The Gallup poll should be a wake-up call for the White House. For this is a presidency that badly needs a dose of humility, and a fundamental reassessment of its failing policies. Barack Obama’s imperial tone is badly out of tune with the pessimistic mood of the country, and does not augur well for the next four years. As the latest RealClear Politics polling average shows, just 36 percent of Americans believe the country is moving in the right direction, while 56 percent think it is on the wrong track. This is hardly a vote of confidence in the direction the president is taking, one that points to continuing economic decline, a growing culture of dependency, and the relentless rise of big government.

 

 

 

David Harsanyi writes on the bailouts that never end. 

What’s worse? The existence of a government “pay czar” who dictates the salary of private-sector citizens or the corporate welfare queens who complain about having to deal with a “pay czar” after being rescued with taxpayer funds?

Fortunately, we don’t have to choose.

As it turns out, executives at companies that took the biggest bailouts — A.I.G., GM. and Ally Financial Inc. — had little to worry about as many of them enjoyed “excessive” compensation according to a report by the Special Inspector General for the Troubled Asset Relief Program. Executives “continue to rake in Treasury-approved multimillion-dollar pay packages that often exceed guidelines,” was what Special Inspector General Christy Romero’s office found.

This, even though Treasury officials were monitoring executive pay and had the authority to limit those packages if they felt like it. This, even though, President Obama made a huge populist stink over A.I.G. bonuses in the past:

I want to comment on the news about executive bonuses at A.I.G. This is a corporation that finds itself in financial distress due to recklessness and greed.
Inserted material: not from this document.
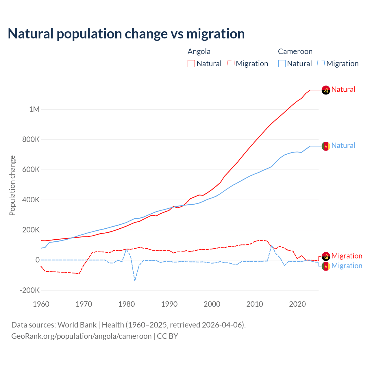 Over the last 10 years, 95.5% of the population change in Angola is from natural causes (a gain of 10,163,567 people) and 4.54% is from migration (a gain of 483,327 people). In Cameroon 99.1% is from natural causes (a gain of 6,982,395 people) and 0.9% is from migration (a gain of 63,139 people).

Under these circumstances, it’s hard to understand how derivative traders at A.I.G. warranted any bonuses, much less $165 million in extra pay. How do they justify this outrage to the taxpayers who are keeping the company afloat?
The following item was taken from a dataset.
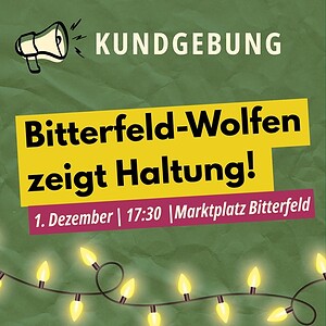 Gemeinsam werden wir zeigen: Unsere Stadt gehört nicht den Profiteuren der Angst, sondern denjenigen, die offen und solidarisch leben wollen. Bitterfeld-Wolfen ist eine Stadt mit Courage.

It always seemed that the president’s sensibilities were more hurt by the idea of big bonuses rather than the idea of taxpayer-funded big bonuses. After all, these pay scales never made sense. First, some of us have a philosophical problem with allowing government to interfere with the private sector every time Washington scares us with tales of doom.

But besides that, though the president knows a thing or two about credit downgrades and liquidity crises, he’s in no position to understand who at A.I.G. or G.M. deserves a bonus or why. …

 

 

Turning our attention to the SuperBowl, Jeff Schultz from AJC says one person is persona non grata in New Orleans.

If Atlanta is the city too busy to hate, New Orleans must be the sparks-still-flying-off-the-head city too obsessed to forget.

Seriously, if you were Roger Goodell this week, would you trust anything that comes out of the restaurant’s kitchen? Would something in the gumbo cause you to look sideways? Are you sure that’s crawfish?

“If he’s driving down the street, he better be in one of those Pope-mobiles,” said Laura Bridson, chief beerkeeper at Coop’s Place on Decatur St. “We’re kind of a grudge-holding town.”

New Orleans is a city built on the hospitality industry. That remains the case for almost everybody this week except for the commissioner of the NFL, whose picture can be found plastered on the doors and windows outside of several restaurants and watering holes – like “Wanted” posters.